Open ktchrn opened 5 years ago
karllark
commented
5 years ago Would it be possible to handle this to some extent if we were to improve the overall 1d pPDF creation to include the width of the grid point in the histogram space? Basically, have a set of weights as part of the pdf1d code that handles the case where the grid width is larger than a single histogram bin width.
karllark
commented
5 years ago Could we measure the impact of this issue by making successively finer grids and quantifying how the resulting derived 1d pPDFs change? To speed things up, this could be done with simulations and a physics grid that is a subset of the full BEAST grid.
ktchrn
commented
5 years ago Looking at physics grids of different resolutions and PDF bins of different resolutions would be a way to check, yes. So long as the transformed volume elements are small enough relative to the bin sizes, there doesn't seem to be a problem. The main challenge seems to be how to pick an appropriate bin size given a physics grid and transformation.
Correcting for the overlap between the transformed grid and the PDF bins could reduce the problem somewhat, it's true. This might be more trouble than it's worth, if just increasing the bin size would be sufficient.

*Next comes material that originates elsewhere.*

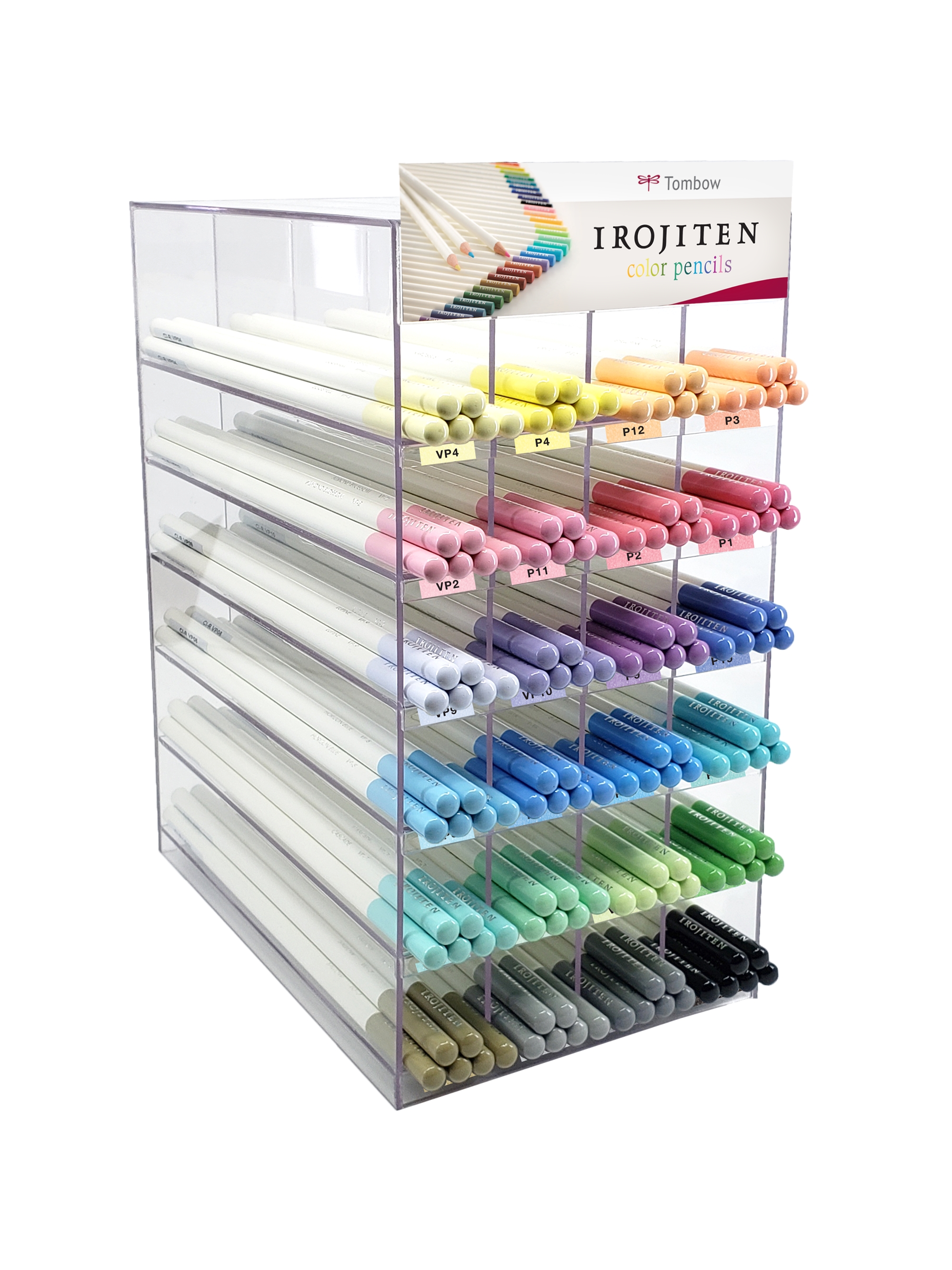 • Irojiten farveblyant indhold til Acrylic display bestående af 144 pastel penne. 6 stk. x 24 farver (CI-RVP4, -RP4, -RP12, -RP3, RVP2, -RP11,-RP2, -RP1, -RP9, -RVP10, -RVP9, -RP19, -RVP8, -RP8, -RP18, -RP17, -RVP7, -RVP6, -RVP5, -RLG3, -REX10, -RP10 og -RV10) = 144 penne. Display bestilles på særskilt varenr. (TOM29255). Irojiten er en elegant farveblyant til kunstnere og hobbyfolk. En pen i et stilfuld design med en cremet hvid lak på ydersiden, som afsluttes med pennens farve. 100 forskellige nuancer, herunder pastel- og neonfarver. Den faste voksbaserede kerne er ideel til at skabe præcise linjer og detaljer. "IROJITEN" er japansk og betyder "farve -encyklopædi". Farverne smitter ikke af og vandtætte. IROJITEN kan let blandes og påføres oven på hinanden. Moderat lysægthed.

Lot of grid cell corners to propagate in order to correctly estimate the cell's transformed size.
https://github.com/BEAST-Fitting/beast/blob/7b06c434ecaedc58549eefa6588e16152efd3a7d/beast/fitting/pdf1d.py#L9
Correctly computing 1D pdfs of the intrinsic model parameters using a grid is straightforward so long as the required volume elements are available.

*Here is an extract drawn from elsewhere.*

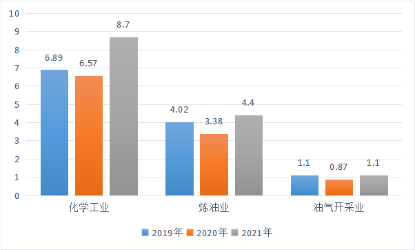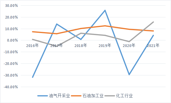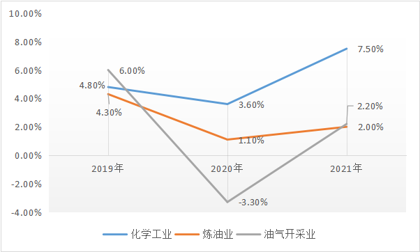 ——產業規模持續增長。2021年全行業規模以上企業實現工業增加值同比增長5.3%,油氣開采、煉油業、化工行業三大主要板塊增加值均有不同程度增長。

Correctly computing 1D pdfs of a parameter that is some function of the intrinsic model parameters using a grid is not quite so straightforward. The mathematical background can be found here.

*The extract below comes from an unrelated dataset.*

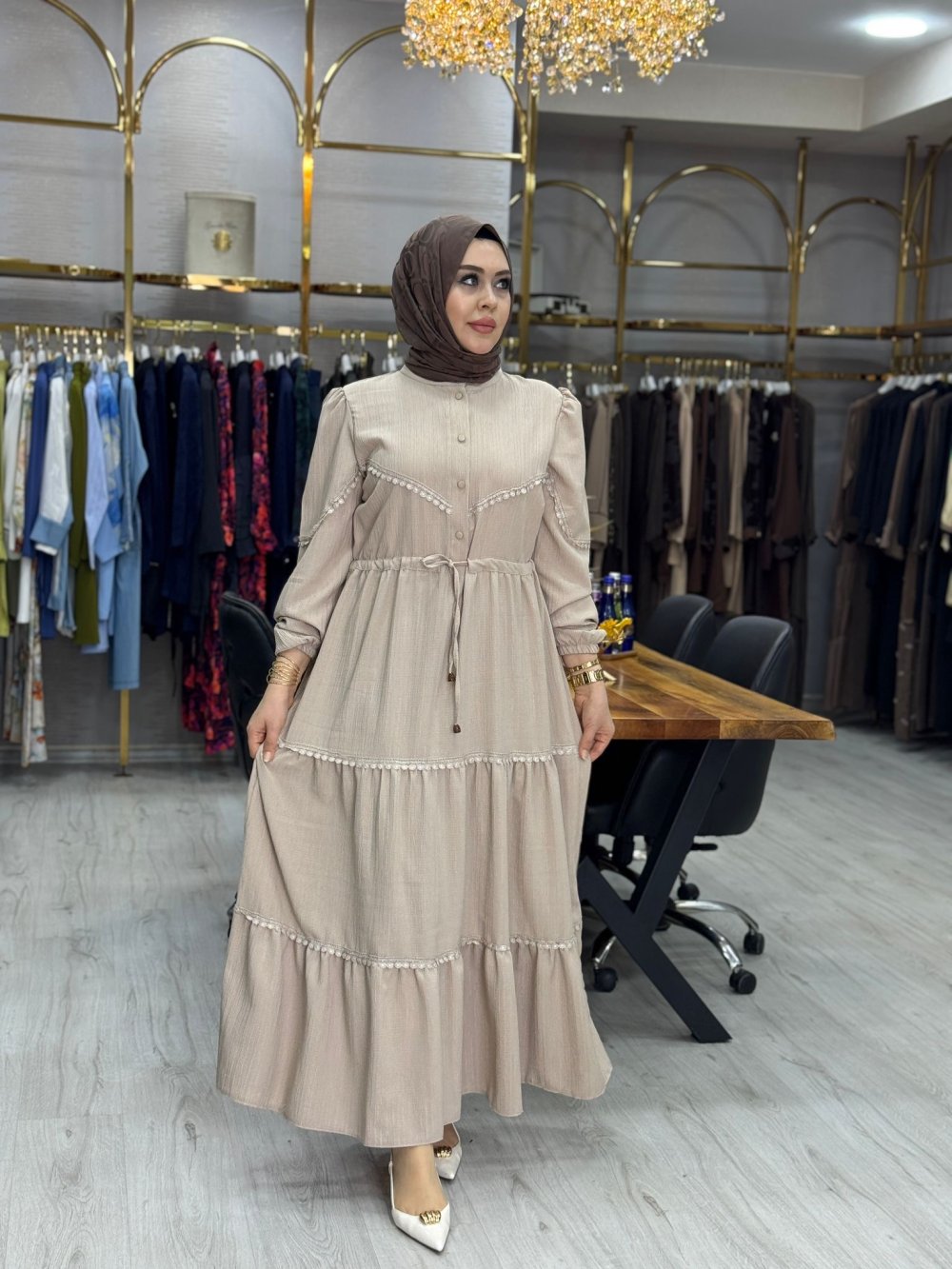 Kumaşı krinkıl kumaştır. Belden iplidir. Kol uçları lastiklidir. Önü yarım düğmelidir.

The short version is that the correction for the distortion of the grid volume elements is pretty non-trivial to compute. It's necessary to have an inverse function which, given values for N-1 of the N intrinsic parameters and a value of the derived parameter, gives the value of the one remaining intrinsic parameter. This function needs to be differentiable with respect to the N-1 intrinsic parameters. It's then necessary to take a N-1 dimensional integral over the determinant of the matrix of derivatives of this function.
If the volume elements don't get distorted that much, neglecting the distortion term won't break things too much. However, some of the derived parameters seem to be substantially non-linear functions of the intrinsic parameters.
Not sure what to do about this one just yet!